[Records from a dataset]

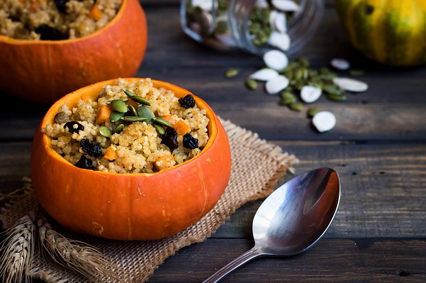 Выберите красивую круглую тыкву без повреждений и тщательно вымойте ее жесткой щеткой, но строго без мыльных средств. Срежьте верхнюю часть тыквы на четверть высоты. Не выбрасывайте ее, это будет крышка импровизированной «формы» для запекания каши. Достаньте семена и волокнистую мякоть из тыквы ложкой — нужно, чтобы остались стенки толщиной 2-3 сантиметра. Залейте промытое пшено кипятком и оставьте на 10 минут. Это поможет убрать горчинку из крупы. По истечении времени слейте воду. Промойте изюм и залейте горячей водой на 15 минут, чтобы немного разбух и размяк. Смешайте в кастрюле молоко, сливки и воду, доведите до кипения на среднем огне. В кипящее молоко со сливками добавьте пшено, варите в течение 5-7 минут, постоянно помешивая. Снимите кашу с огня, добавьте сахар, соль, ванильный сахар, корицу и 50 граммов сливочного масла. Отожмите изюм и смешайте его с кашей так, чтобы он равномерно распределился в крупе. Наполните тыкву кашей примерно на три четверти от объема. Учитывайте, что крупа будет развариваться. Положите оставшееся сливочное масло поверх каши и закройте тыкву срезанной крышкой. Установите тыкву в глубокую форму для запекания и налейте на дно 1-2 сантиметра горячей воды. Поставьте форму в разогретую до 180 градусов духовку и запекайте 1,5-2 часа. Через час проверьте предварительную готовность: нож должен легко проходить сквозь стенку тыквы.
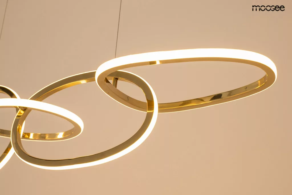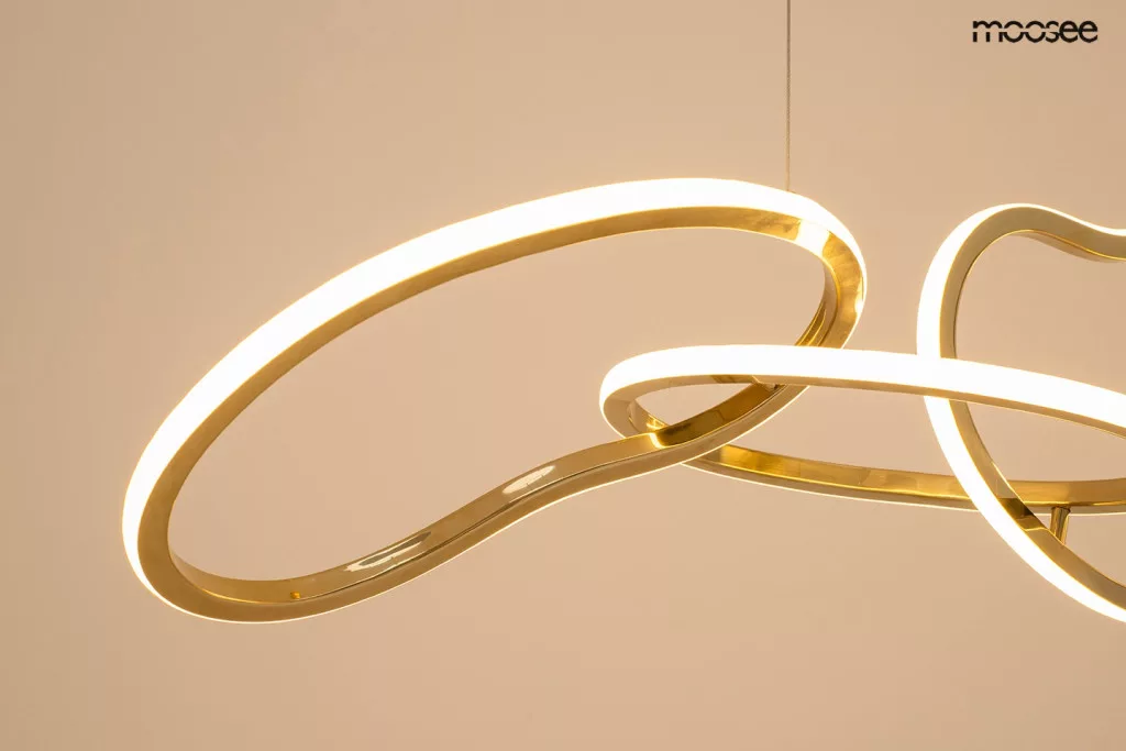 A MOOSEE JAZZ 5 függőlámpa a modern világítástechnika és az időtlen dizájn tökéletes ötvözete. Az öt, organikusan hajlított arany gyűrű egyedi táncot jár a térben, míg a külső LED világítás különleges fényjátékot teremt a környezetében. A lámpa nem csupán világítótest, hanem művészi installációként is szolgál.
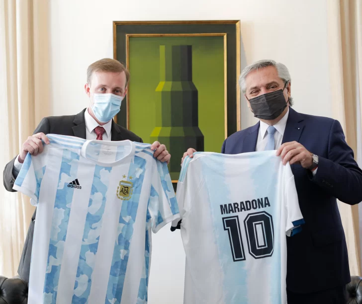 La reunión en Olivos transcurrió en un buen clima que se coronó con una foto de Fernández y Sullivan sosteniendo camisetas de la Selección nacional, una de ellas con la inscripción de Maradona y el número 10. Por otro lado, Biden nominó ayer a Marc Stanley para que se convierta en embajador en Argentina. Se trata de un abogado, activista político, líder de la comunidad judía y filántropo de Dallas, Texas.
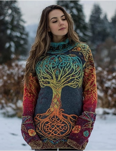 Femmes Pull Vacances ancien Quotidien Géométrique Paisley Côtelé Col roulé Tricoté Imprimé manche longue Hauts Réguliers Tricoter Extérieur Quotidien Week-end Rouge Bleu Automne Hiver
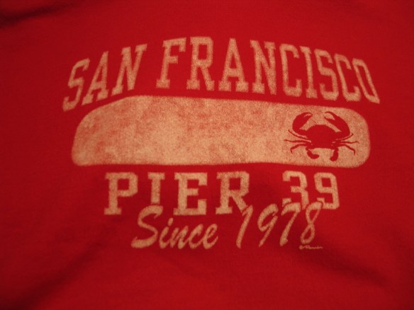 We all shared it, figuring that was a good way to do it without getting too full of crab. Kenny even tried a couple of little pieces, declaring that it was “Ok.” Of course you end up with crab under your fingernails, and then you think about all of those machines you touched at the Museum Mechanique, and how you are now eating with your hands…….but it was delicious nonetheless. Need to remember the packet of hand sanitizer wipes next time. There were plenty of little shops all along here but I had my magnet and my sweatshirt so I was quite happy with those as souvenirs.
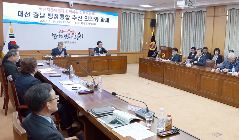 대전시의회는 조원휘 의장 주재로 24일 대전시의회 소통실에서 대전충남 행정통합 추진 의의와 과제를 논의하기 위해 ‘혁신자문위원과 함께하는 정책토론회’를 열었다.
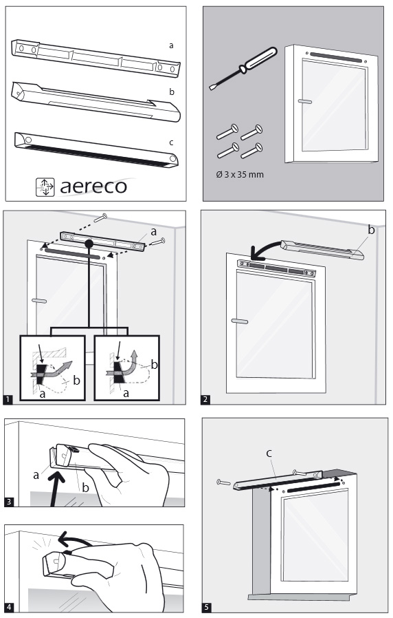 Клапан Аэрэко установить довольно просто. Монтаж по времени занимает 45-60 минут. Монтируется приточный заслон в створку окна над стеклом или в стену, а снаружи ставится козырек с контролем потока воздуха с решеткой, защищающей от пыли и насекомых.
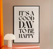C'EST UN BON JOUR POUR ÊTRE HEUREUX poster avec cadre en bois

_ACTIVITY_
If pictures appear in the data, omit them and copy all other parts exactly.

_SOLUTION TO THIS TASK_
 Выберите красивую круглую тыкву без повреждений и тщательно вымойте ее жесткой щеткой, но строго без мыльных средств. Срежьте верхнюю часть тыквы на четверть высоты. Не выбрасывайте ее, это будет крышка импровизированной «формы» для запекания каши. Достаньте семена и волокнистую мякоть из тыквы ложкой — нужно, чтобы остались стенки толщиной 2-3 сантиметра. Залейте промытое пшено кипятком и оставьте на 10 минут. Это поможет убрать горчинку из крупы. По истечении времени слейте воду. Промойте изюм и залейте горячей водой на 15 минут, чтобы немного разбух и размяк. Смешайте в кастрюле молоко, сливки и воду, доведите до кипения на среднем огне. В кипящее молоко со сливками добавьте пшено, варите в течение 5-7 минут, постоянно помешивая. Снимите кашу с огня, добавьте сахар, соль, ванильный сахар, корицу и 50 граммов сливочного масла. Отожмите изюм и смешайте его с кашей так, чтобы он равномерно распределился в крупе. Наполните тыкву кашей примерно на три четверти от объема. Учитывайте, что крупа будет развариваться. Положите оставшееся сливочное масло поверх каши и закройте тыкву срезанной крышкой. Установите тыкву в глубокую форму для запекания и налейте на дно 1-2 сантиметра горячей воды. Поставьте форму в разогретую до 180 градусов духовку и запекайте 1,5-2 часа. Через час проверьте предварительную готовность: нож должен легко проходить сквозь стенку тыквы.
 A MOOSEE JAZZ 5 függőlámpa a modern világítástechnika és az időtlen dizájn tökéletes ötvözete. Az öt, organikusan hajlított arany gyűrű egyedi táncot jár a térben, míg a külső LED világítás különleges fényjátékot teremt a környezetében. A lámpa nem csupán világítótest, hanem művészi installációként is szolgál.
 La reunión en Olivos transcurrió en un buen clima que se coronó con una foto de Fernández y Sullivan sosteniendo camisetas de la Selección nacional, una de ellas con la inscripción de Maradona y el número 10. Por otro lado, Biden nominó ayer a Marc Stanley para que se convierta en embajador en Argentina. Se trata de un abogado, activista político, líder de la comunidad judía y filántropo de Dallas, Texas.
 Femmes Pull Vacances ancien Quotidien Géométrique Paisley Côtelé Col roulé Tricoté Imprimé manche longue Hauts Réguliers Tricoter Extérieur Quotidien Week-end Rouge Bleu Automne Hiver
 We all shared it, figuring that was a good way to do it without getting too full of crab. Kenny even tried a couple of little pieces, declaring that it was “Ok.” Of course you end up with crab under your fingernails, and then you think about all of those machines you touched at the Museum Mechanique, and how you are now eating with your hands…….but it was delicious nonetheless. Need to remember the packet of hand sanitizer wipes next time. There were plenty of little shops all along here but I had my magnet and my sweatshirt so I was quite happy with those as souvenirs.
 대전시의회는 조원휘 의장 주재로 24일 대전시의회 소통실에서 대전충남 행정통합 추진 의의와 과제를 논의하기 위해 ‘혁신자문위원과 함께하는 정책토론회’를 열었다.
 Клапан Аэрэко установить довольно просто. Монтаж по времени занимает 45-60 минут. Монтируется приточный заслон в створку окна над стеклом или в стену, а снаружи ставится козырек с контролем потока воздуха с решеткой, защищающей от пыли и насекомых.
C'EST UN BON JOUR POUR ÊTRE HEUREUX poster avec cadre en bois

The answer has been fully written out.